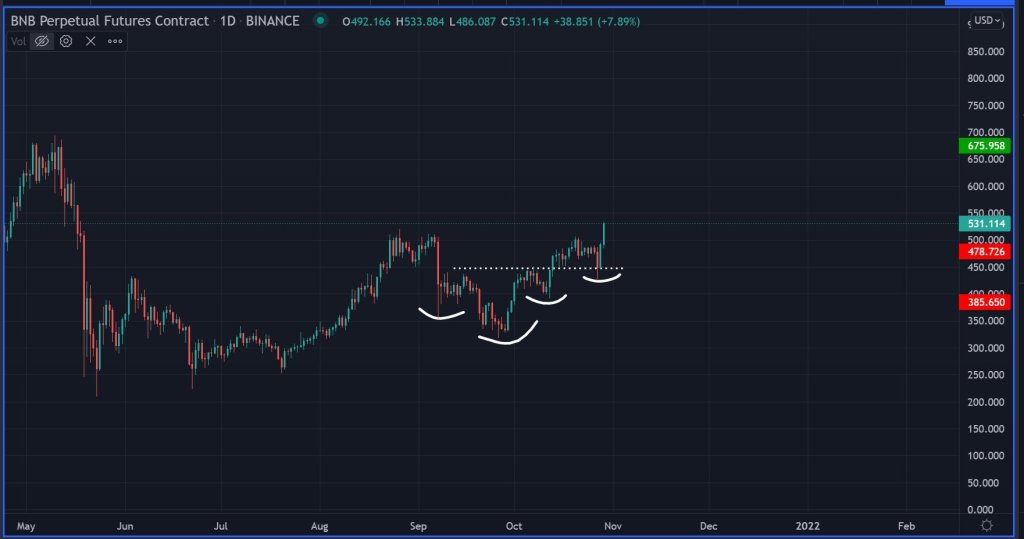 Menurut grafik pedagang, BNB telah keluar dari pola kepala dan bahu terbalik, formasi pembalikan yang menandakan dimulainya tren naik.Smart Contracter juga melihat Binance Coin terhadap Bitcoin (BNB/BTC), yang ia prediksi telah mengukir bagian bawah setelah mencetak pola kegagalan ayunan bullish (SFP).
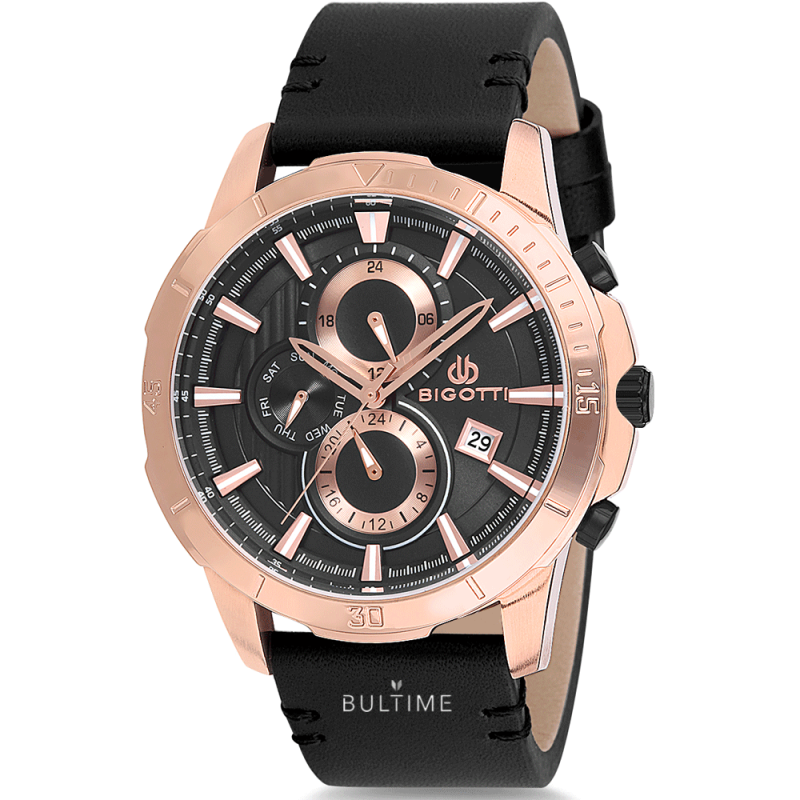 Елегантен мъжки часовник Bigotti с мултифункционален дисплей. Минерално стъкло, устойчиво на надраскване. Метален корпус в комбинация с черна каишка от естествена кожа. Задвижва се от кварцов механизъм. Водоустойчивост 5 ATM - допускат се леки пръски и взимане на душ, не се препоръчва обилно мокрене.
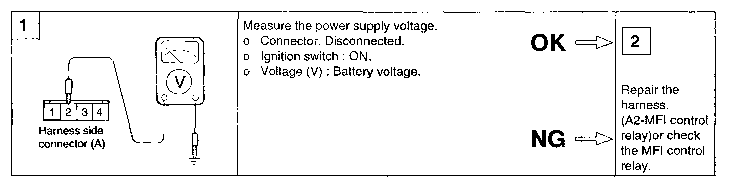 2. If the MAF sensor output voltage is other than 0 when the ignition switch is turned on (do not start the engine). Check for the faulty MAF sensor or ECM.
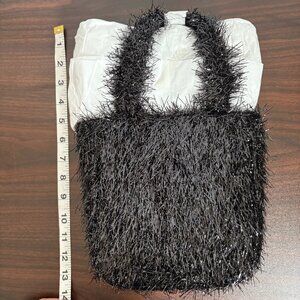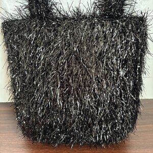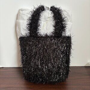 Edie Parker Weedie Mini Grass All Over Metallic Tinsel Black Tote Bag New
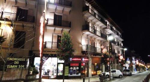 At the centre of beautiful and historical Karpenisi, this family-run hotel offers a good location from which to explore the landscapes and natural beauty of Evrytania. If you plan to hit the slopes, the hotel is just 8.1 miles from the famous Velouchi Ski Centre. You may wish to include visits to Proussos Monastery and the Tavropos River. Walk or hike through the beautiful mountains before returning to the comfortable hotel with lovely views. Have a cup of sweet-smelling coffee and traditional sweets with your meals in the bar / restaurant and unwind for the evening in the warm atmosphere. The large and comfortable lobbies of the hotel offer unique moments of relaxation and 2 stone fireplaces.

-.-.-

§ What to do: Copy the records word for word, leaving no picture in the copy.

§ Worked solution:
 Menurut grafik pedagang, BNB telah keluar dari pola kepala dan bahu terbalik, formasi pembalikan yang menandakan dimulainya tren naik.Smart Contracter juga melihat Binance Coin terhadap Bitcoin (BNB/BTC), yang ia prediksi telah mengukir bagian bawah setelah mencetak pola kegagalan ayunan bullish (SFP).
 Елегантен мъжки часовник Bigotti с мултифункционален дисплей. Минерално стъкло, устойчиво на надраскване. Метален корпус в комбинация с черна каишка от естествена кожа. Задвижва се от кварцов механизъм. Водоустойчивост 5 ATM - допускат се леки пръски и взимане на душ, не се препоръчва обилно мокрене.
 2. If the MAF sensor output voltage is other than 0 when the ignition switch is turned on (do not start the engine). Check for the faulty MAF sensor or ECM.
 Edie Parker Weedie Mini Grass All Over Metallic Tinsel Black Tote Bag New
 At the centre of beautiful and historical Karpenisi, this family-run hotel offers a good location from which to explore the landscapes and natural beauty of Evrytania. If you plan to hit the slopes, the hotel is just 8.1 miles from the famous Velouchi Ski Centre. You may wish to include visits to Proussos Monastery and the Tavropos River. Walk or hike through the beautiful mountains before returning to the comfortable hotel with lovely views. Have a cup of sweet-smelling coffee and traditional sweets with your meals in the bar / restaurant and unwind for the evening in the warm atmosphere. The large and comfortable lobbies of the hotel offer unique moments of relaxation and 2 stone fireplaces.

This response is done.